- Problem requirements -
Could you set down exactly the lines of the data below, starting at the one that holds "近日,在九江爱尔眼科医院,患" and ending at the one that holds "半衿 半襟 振袖 成人式", both included, and only those?

++++ Records provided ++++

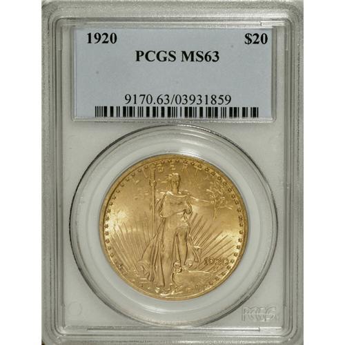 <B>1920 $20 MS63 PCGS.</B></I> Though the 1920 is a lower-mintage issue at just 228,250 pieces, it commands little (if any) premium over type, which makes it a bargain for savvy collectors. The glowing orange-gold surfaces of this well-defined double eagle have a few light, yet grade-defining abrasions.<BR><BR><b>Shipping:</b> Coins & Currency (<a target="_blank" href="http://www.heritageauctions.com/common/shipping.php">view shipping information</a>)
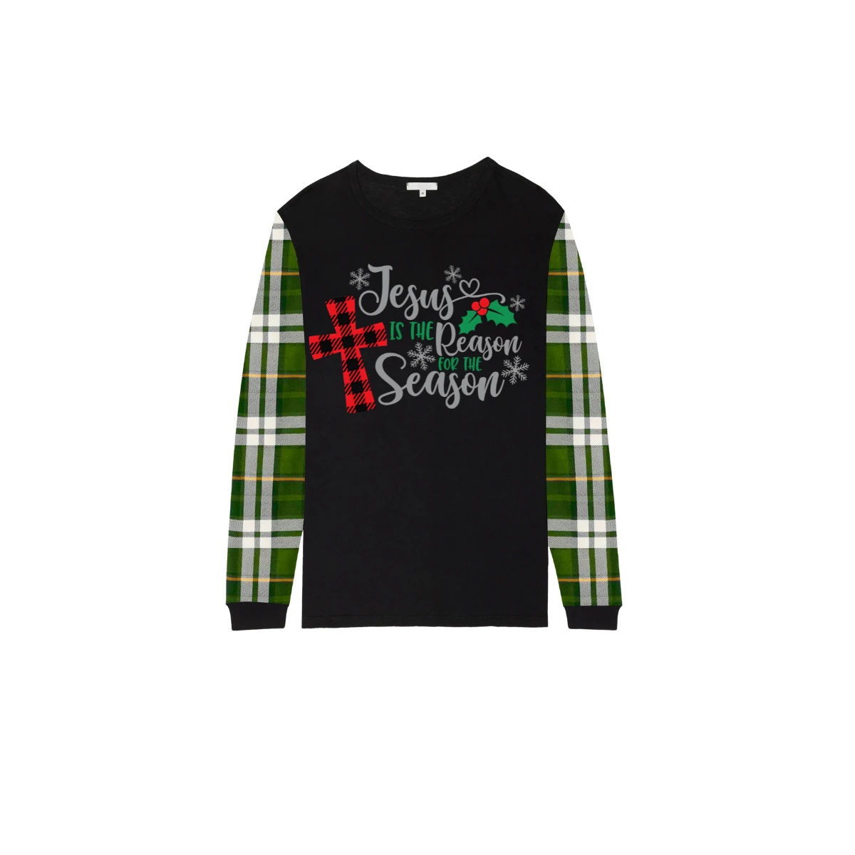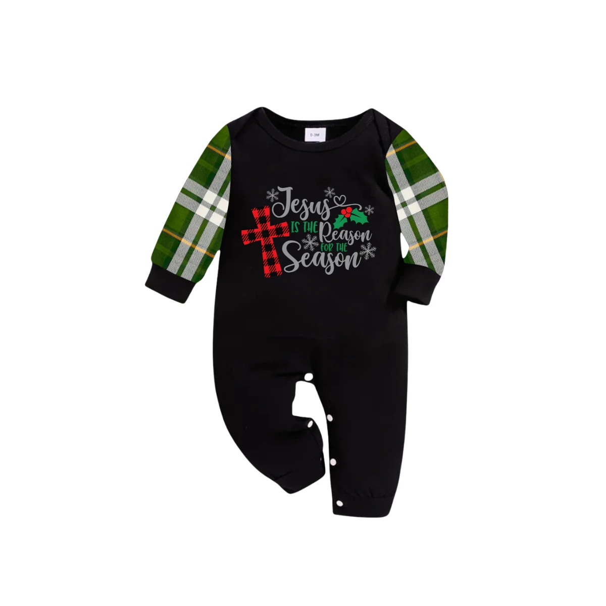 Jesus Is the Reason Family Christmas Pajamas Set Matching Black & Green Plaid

++++
++++ Records provided ++++

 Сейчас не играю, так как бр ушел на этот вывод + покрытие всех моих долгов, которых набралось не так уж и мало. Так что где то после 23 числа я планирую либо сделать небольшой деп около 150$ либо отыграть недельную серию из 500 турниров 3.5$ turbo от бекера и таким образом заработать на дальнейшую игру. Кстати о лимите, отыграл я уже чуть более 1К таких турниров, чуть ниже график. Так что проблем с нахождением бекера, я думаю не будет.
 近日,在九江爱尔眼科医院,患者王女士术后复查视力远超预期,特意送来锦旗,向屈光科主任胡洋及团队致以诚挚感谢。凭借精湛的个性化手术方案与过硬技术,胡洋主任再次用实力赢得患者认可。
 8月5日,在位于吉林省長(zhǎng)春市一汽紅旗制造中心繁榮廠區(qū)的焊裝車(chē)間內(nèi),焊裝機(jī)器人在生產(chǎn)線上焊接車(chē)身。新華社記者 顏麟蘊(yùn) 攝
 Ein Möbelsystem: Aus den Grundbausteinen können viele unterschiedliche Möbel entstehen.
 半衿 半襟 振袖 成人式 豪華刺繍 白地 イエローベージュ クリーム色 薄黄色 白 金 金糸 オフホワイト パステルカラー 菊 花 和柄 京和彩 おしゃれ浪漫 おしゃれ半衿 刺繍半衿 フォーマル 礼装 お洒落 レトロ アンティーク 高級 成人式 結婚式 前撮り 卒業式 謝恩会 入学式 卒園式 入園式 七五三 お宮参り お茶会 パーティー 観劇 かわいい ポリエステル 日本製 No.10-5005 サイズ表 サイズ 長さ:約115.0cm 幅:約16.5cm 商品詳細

++++

- Task answer -
 近日,在九江爱尔眼科医院,患者王女士术后复查视力远超预期,特意送来锦旗,向屈光科主任胡洋及团队致以诚挚感谢。凭借精湛的个性化手术方案与过硬技术,胡洋主任再次用实力赢得患者认可。
 8月5日,在位于吉林省長(zhǎng)春市一汽紅旗制造中心繁榮廠區(qū)的焊裝車(chē)間內(nèi),焊裝機(jī)器人在生產(chǎn)線上焊接車(chē)身。新華社記者 顏麟蘊(yùn) 攝
 Ein Möbelsystem: Aus den Grundbausteinen können viele unterschiedliche Möbel entstehen.
 半衿 半襟 振袖 成人式 豪華刺繍 白地 イエローベージュ クリーム色 薄黄色 白 金 金糸 オフホワイト パステルカラー 菊 花 和柄 京和彩 おしゃれ浪漫 おしゃれ半衿 刺繍半衿 フォーマル 礼装 お洒落 レトロ アンティーク 高級 成人式 結婚式 前撮り 卒業式 謝恩会 入学式 卒園式 入園式 七五三 お宮参り お茶会 パーティー 観劇 かわいい ポリエステル 日本製 No.10-5005 サイズ表 サイズ 長さ:約115.0cm 幅:約16.5cm 商品詳細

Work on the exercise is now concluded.